Başbakan’ın Kastamonu’dan dönen konvoyundaki polis aracına saldırarak bir polisi şehit eden teröristler, dün Ilgaz dağında sıkıştırıldı. Saldırıyı gerçekleştirdiği tahmin edilen biri etkisiz hale getirildi. Güvenlik güçleriyle terörist grup arasında çatışma sürerken, liderler ilden ile seçim meydanlarına koşuyorlardı.
İstanbul, iki gün önce patlayan bombanın etkisini henüz üzerinden atamamışken, İmralı ve Kandil’den seçim sonrasına dönük terör tehditleri gelmeye devam ediyor.
Böyle bir ortam içinde liderlerin birbirlerini, “BDP’ye kim daha yakın” ölçüsüyle eleştirmeleri -seçim kampanyası ortamında bile- abes kaçıyor.
Asıl ölçü
Türkiye çok kanlı bir terör süreci yaşadı hâlâ da yaşıyor.
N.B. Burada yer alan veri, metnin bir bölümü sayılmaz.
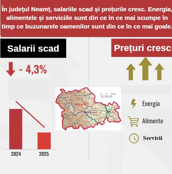 În acest context, scăderea salariului mediu pune și mai multă presiune pe familiile din județ, care deja plătesc tarife ridicate la utilități și se confruntă cu creșterea costului vieții. Fără măsuri de sprijin pentru investiții, fără politici salariale care să țină pasul cu inflația și fără proiecte reale de dezvoltare regională, Neamțul rămâne într‑o zonă gri a economiei naționale, cu salarii tot mai puțin competitive chiar și la nivelul României.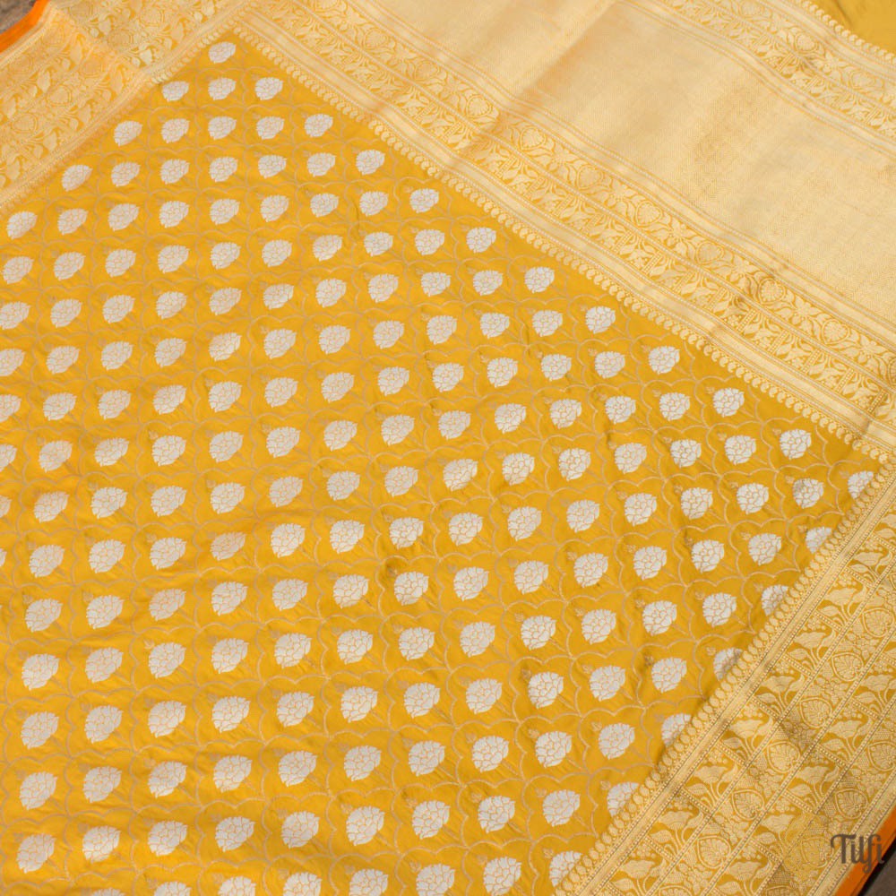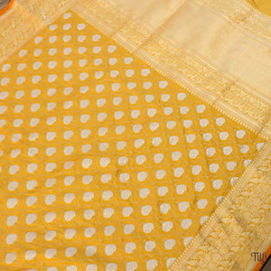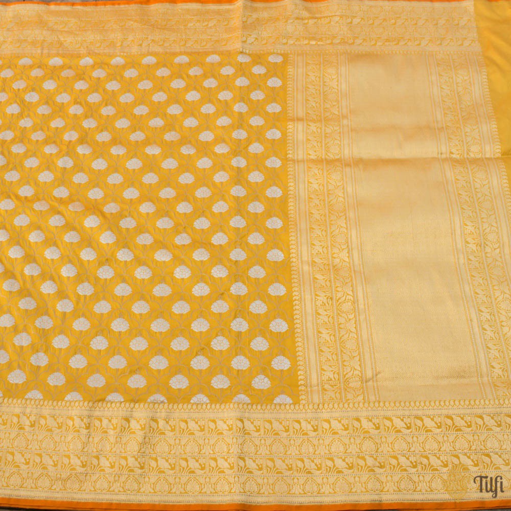 Speciality - Intricate gold and silver zari work across the body of the saree set against a beautiful traditional border and an elaborate blouse piece.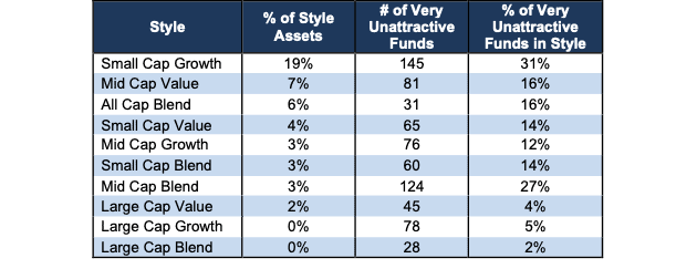 Figure 11: Unattractive ETFs & Mutual Funds by Investment Style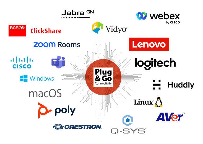 Compatible with all USB cameras, video bars and pro-AV audio devices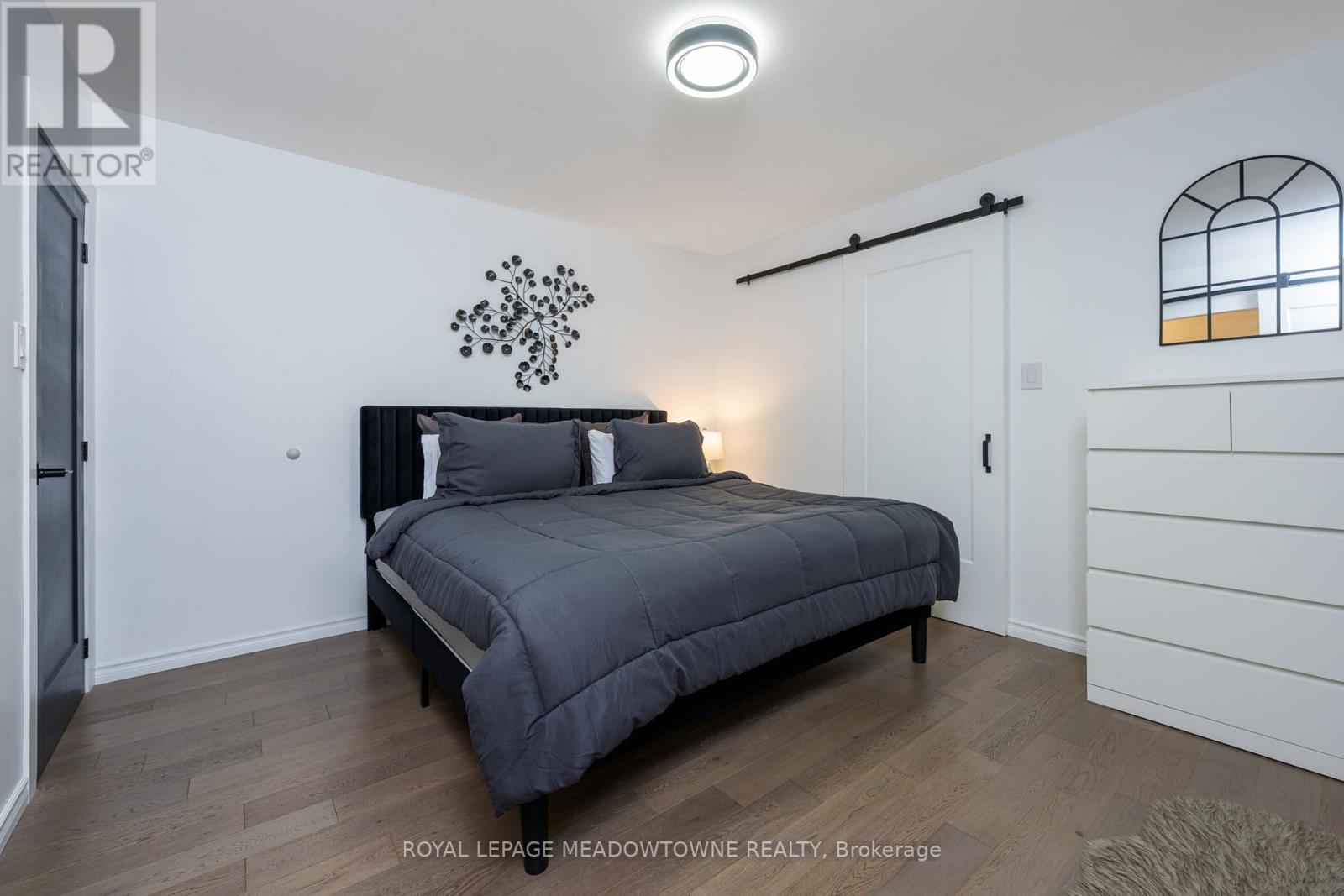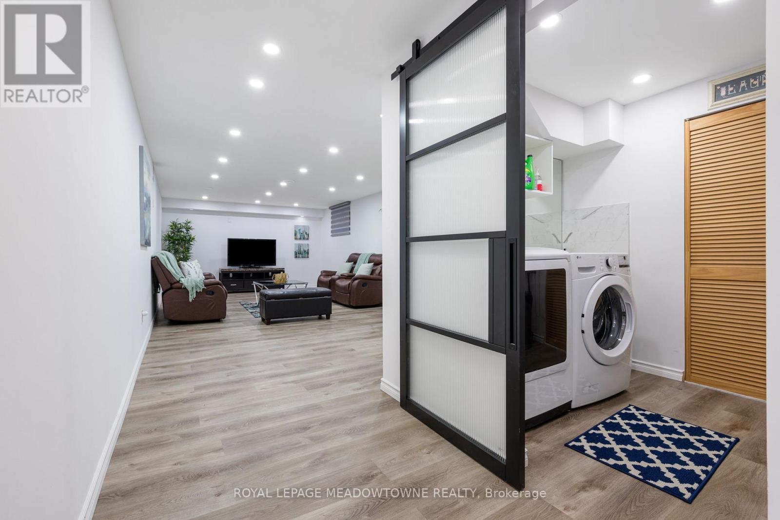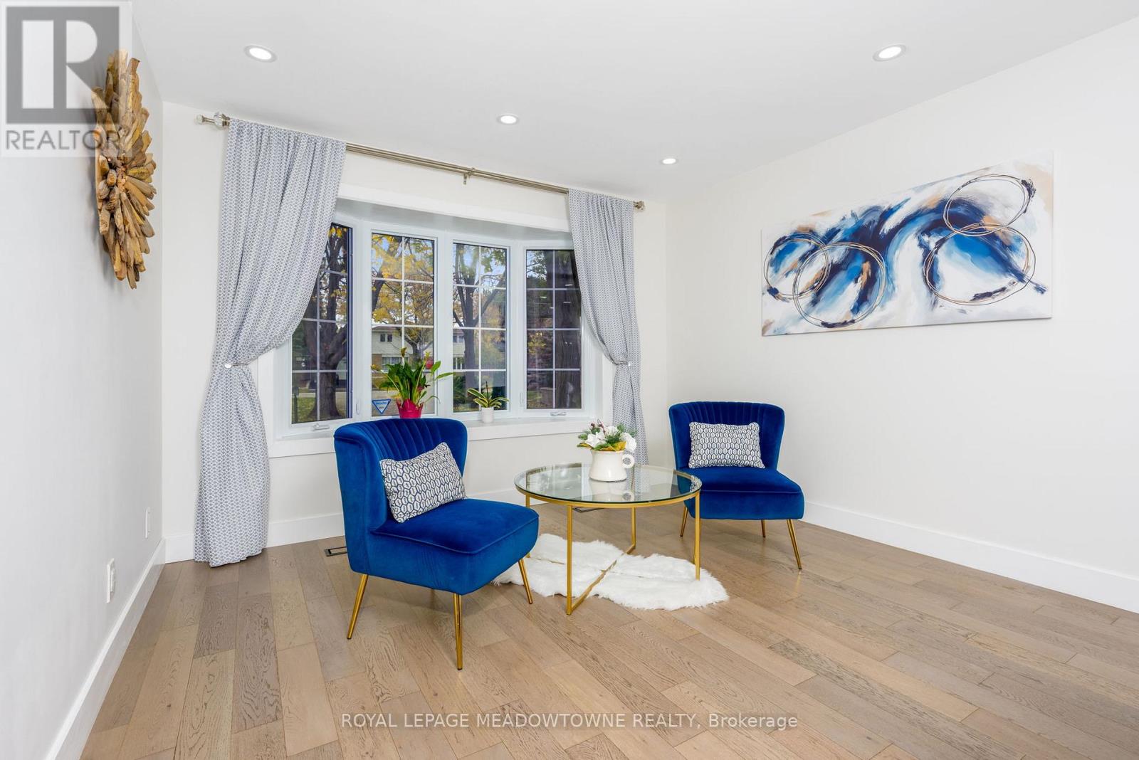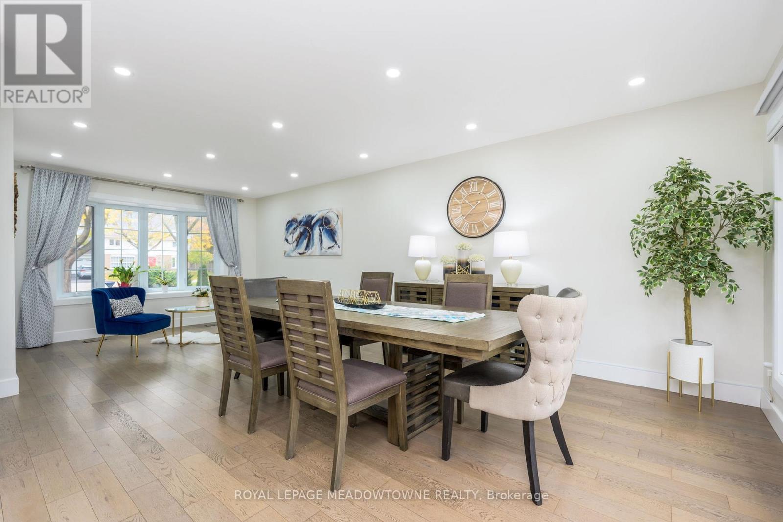 Tucked away in the center of mature Georgetown is the stunning Chipper Court. This quiet, private cul-de-sac combines the walkable convenience of restaurants, shopping & schools but the utmost privacy of large lots, mature tree cover and stunning ravine views. When you enter the foyer, you'll be immediately stunned by this extensively renovated bungalow - smooth ceilings, pot lights and engineered hardwood run throughout the main floor as you flow through the family friendly layout. The dining room and kitchen have breathtaking ravine views through the oversized picture windows flooding the space with natural night. The brand-new kitchen showcases new cabinetry, an oversized island, stainless steel appliances quartz countertops & a skylight above the stove. Bonus space continues in the family room addition with electric fireplace surrounded in stone and two separate walk-outs to the huge deck that spans the entire back of the home. The main floor is completed by a separate wing of the home featuring 3 great sized bedrooms, all with oversized windows. The primary holds a sunken walk-in closet and an elegant 3-piece ensuite with standing glass shower, storage pantry and floating vanity. This wing is completed by an equally stunning 4-piece bathroom with oversized tiles, pantry storage and floating vanity. Downstairs in the finished basement you'll find bonus living space with the rec room, 4th bedroom featuring pot lights and luxury vinyl flooring. The basement has been thoughtfully designed with multiple, extensive storage areas, a rough-in for a wet bar and the potential to add a third bathroom next to the 4th bedroom. Outside offers a rare, flat lot with something for the entire family. Enough space for the kids to play and enjoy the outdoors, beautiful outdoor eating areas and lounge space will offer breathtaking sunset views over the ravine - everyone will love the outdoor living features of this property just as much as the indoor highlights. New furnace (2026) (id:64974)

Bu koşullarda siyasi partilere düşen ilk görev, teröre karşı ortak tavır almak olmalıdır. Terör örgütüne yakın siyasi parti veya kuruluşlara yakınlık-uzaklık tartışması bir yana, doğrudan teröre karşı ortak tavır geliştirmek asıl ölçü olmalıdır.
Seçimden sonra
Türkiye, seçimden sonra çok daha büyük terör eylemleri, savaş ortamı, kıyametin kopacağı bir kargaşayla tehdit ediliyor. Seçim atmosferi içinde liderler bu konu üzerinde fazla durmadılar.
Oysa bu tehdide karşı ortak ses vermeleri gerekirdi. İmralı’dan ve Kandil’den gelen tehditlerden çok, “kepenk” tartışması öne çıktı. Sorun kepenklerin açık veya kapalı durumda olmalarından çok, açıp-kapattıran nedenler ve güçler önemli. Terörün ve terör örgütünün etkinliği nerelerden besleniyor? Liderlerin asıl kafa yormaları gereken soru budur.
Sadece seçim ve oy kaygısıyla olaya yaklaşmak, bu nedenleri ve kaynakları ortadan kaldıracak bir etki yaratmayacaktır.
Türkiye, Ilgaz’da çatışma sürerken, İstanbul’da bomba patlarken ve terör tehditleri savrulurken seçime gidiyor. Terör, seçimin tam ortasında.
BDP de karşı çıkmalı
Meclis’e girebilmek için bağımsız adaylarla seçime asılan BDP de terörü kınayabilmeli; terör örgütüyle arasına ciddi bir mesafe koyabilmeli. BDP ve selefi partiler bunu yapamadılar, yapabilecek güce hiçbir zaman ulaşamadılar.
Demokratik alan genişlemeli
CHP’nin Güneydoğu’yla siyasi bağ kurabilmesi önemli bir gelişme sayılmalı. Tüm partilerin Güneydoğu’da siyasi bağı ve alanı olmalı ki, demokratik sistem, terör karşısında etkisini ve gücünü artırabilsin.
Terör kaynaklarını kurutmak konusunda her parti iddialı konuşuyor. Ancak sorun bir partinin tek başına çözeceği nitelikte bir sorun değildir. Sorunun, mümkün olan en geniş tabanlı toplumsal ve siyasal uzlaşmayla çözülmesi gerekiyor.
Bu zeminin oluşmasının ilk koşulu ise bütün siyasi partilerin teröre ve terör örgütüne karşı ortak tutum almalarıdır.
Sorunun bir seçimlik, bir meydanlık sorun olmadığı çok kez görüldü. Bu seçimden sonra da görülecektir.
Partiler dağa çıkışların nedenleri üzerinde ciddiyetle durmalı; bu nedenleri ortadan kaldıracak, siyasal desteği yüksek ortak politikalar geliştirebilmelidir.
Terörle mücadelede ortak akıla ulaşmak gerekirken; terör örgütüne yaslanarak veya terör örgütü üzerinden birbirini suçlayarak politika yapmak Türkiye’ye bir fayda sağlamaz.